“Break time’s over,” Levi said brusquely. “Let’s get back to it.” He two-pointed his empty water bottle into the trash bin nearby and rose effortlessly to his feet, his powerful leg muscles and abs doing all the work.

Hah! Jina could do that too... now. She’d even practiced doing so at home, so no one would see her when she gracelessly collapsed to the floor. Getting up unaided required all sorts of muscles, muscles that she now had. She got to her feet, and per his instruction got back to it.

She could do this. She could handle anything he threw at her, and she was far more confident now than she’d been three months ago. She had this.

Two months later, she regretted eventhinkingthose words. “Say what?” she said in horror. Surely she hadn’t heard him right. She couldn’t have heard him right. This was so far out of her capabilities it might as well be in outer space.

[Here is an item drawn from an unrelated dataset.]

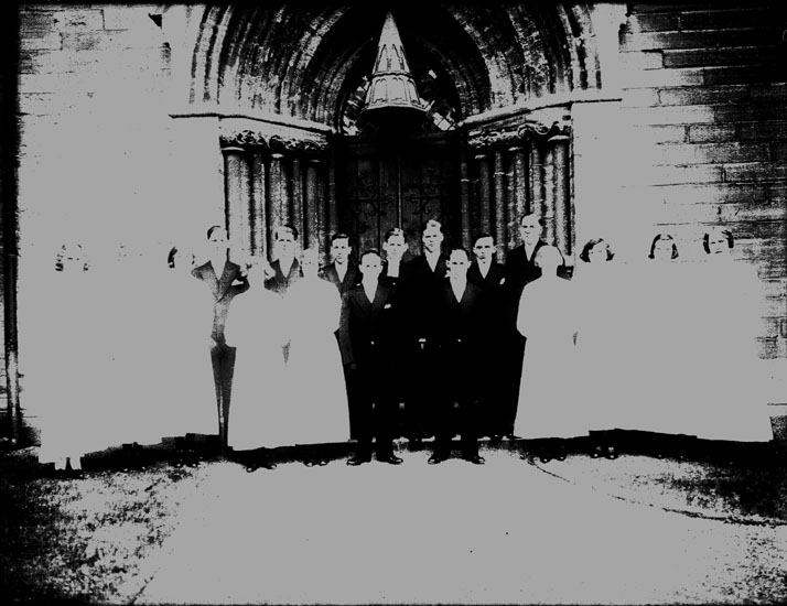 Konfirmander, 9 flickor, 8 pojkar och dövstumspastor Areskog.

“Parachute training,” Levi repeated.

“Uh-uh. No.” Jina began backing away from him, as if distance would help; her hands were up as if she could ward off the words. “I can’t do that. I can’t jump out of a plane. That’s unnatural. Only crazy people do that.”

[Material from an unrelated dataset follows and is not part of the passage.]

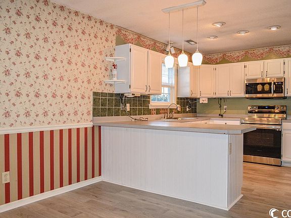 LOCATION, LOCATION, LOCATION! 3 bedroom 2.5 bathroom traditional beach cottage located in the Cherry Grove section of North Myrtle Beach. Just a short drive down to the ocean, this stunning home sits on an oversized double lot and features upgrades throughout! House comes partially furnished with a full list to convey provided by owners and lots of the major items have been replaced/installed - no major expenses for the new owner to walk into. These items/expenses include but are not limited to: NEW SAMSUNG SMART RANGE/MICROWAVE & WATER HEATER in 2022. NEW FLOORING in kitchen, dining room, & living room in 2021. Remodeled master bathroom in 2021 with westshore homes. NEW LG WASHING MACHINE, NEW LEAF FILTERS FOR GUTTERS, & RAINBIRD IRRIGATION SYSTEM in 2020. NEW GUTTERS in 2019. NEW ROOF, TREE REMOVAL, LANDSCAPING, FENCE, & WHIRLPOOL FRIDGE in 2018. NEW WINDOW AC UNITS UPSTAIRS in 2019 & 2015. The exterior of the home offers a carport with storage shed, spacious front yard with manicured mature landscaping, huge fully fenced in backyard, front covered porch with custom draw shade, and large wood deck with automatic remote controlled covered awning. Not 1, not 2, but 3 detached storage sheds can be found in the backyard for additional storage needs and 2 gates leading to the side/front yard of home for ease of access (with additional gated storage shed on side). You will be hard pressed to find another lot this size in this historic high demand area. Walking through the front door, you enter into a foyer area with the coat closet and half bathroom in the hallway and staircase leading to the second floor (with electric acorn stair/chair lift) - which features two spacious bedrooms with overhead ceiling fans and lots of closet space separated by a full bathroom with single sink bowl vanity and tub/shower combo. Additional flex/bonus room can be found through the closet of the one bedroom and this large space offers lots of functionality as a play room, office space, sewing/craft area, etc. Additional linen closet in hallway upstairs continues the abundance of storage space throughout this house. Downstairs features the master bedroom suite which is oversized and offers an overhead ceiling fan, walk-in closet, laundry/utility closet with full size washer/dryer & overhead storage, as well as the bathroom en-suite with a double sink bowl vanity and walk-in shower with glass door. Large open living room features an overhead ceiling fan, wood burning fireplace, and custom lighting above the built-in shelving. Through the living room doorway you enter into the kitchen/dining room area which features upgraded white cabinets, plenty of counter space, breakfast bar with pendant lights, pantry, and a full set of high end stainless steel appliances. Just off the dining room area is the sliding door which leads into the enclosed porch/carolina room - another great flex space that could be used as a sun room, office space, etc - with door access to the back porch/wood deck. This home is packed full of so many more features and upgrades that need to be seen to be appreciated - schedule your private showing and come check out this beach cottage in Cherry Grove before it sells quick!

“Are you resigning?” he asked neutrally, though his cold dark eyes were boring into her. The other guys stopped what they were doing to listen; Voodoo snickered, but she didn’t expect anything else from him, the jerk, so she ignored him. In turn, they all ignored that she’d just called all of them crazy. Hey, if the tinfoil hat fit, wear it.

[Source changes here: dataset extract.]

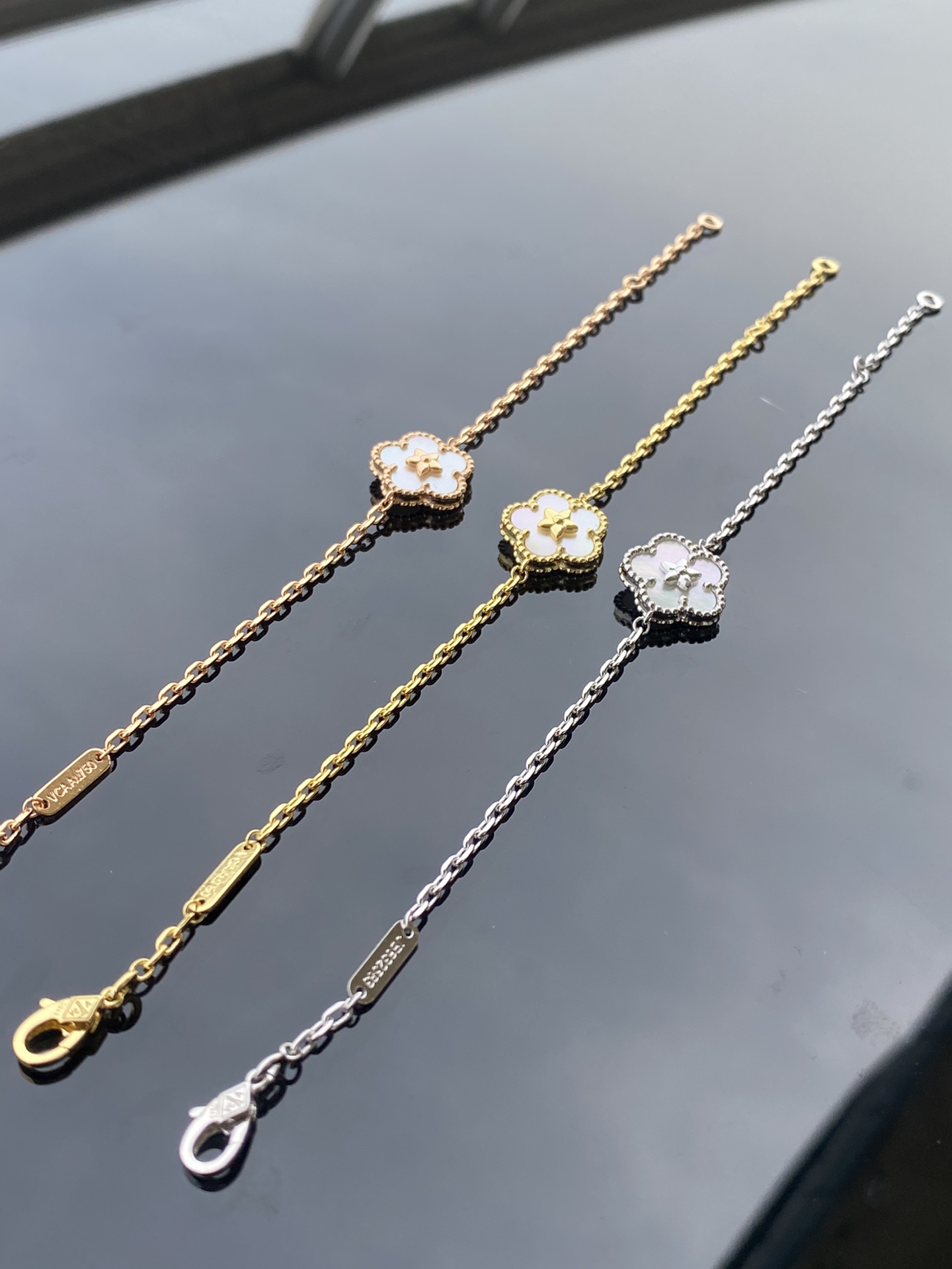这款首饰是AAAAA 1:1 质量 (非常棒). 使用了和原版一模一样的材料. 商标部分也保持了和梵克雅宝/Van Cleef & Arpels一样. 图片拍摄是实物首饰拍摄, 您所收到的实物保证和我们图片一模一样.

“No.” The word was thick on her tongue, but she managed to get it out. “Resign” was another word for “quit.” And though she’d stuck it out this long—five months now—climbing a freaking rope and running for miles and all sorts of other crap wasn’t in the same category as jumping out of a plane. Her survival instinct was too strong for that, and her need for an adrenaline rush way too weak. Pain and bone-deep fatigue had become her new normal, but jumping out of a plane... she didn’t know if she could.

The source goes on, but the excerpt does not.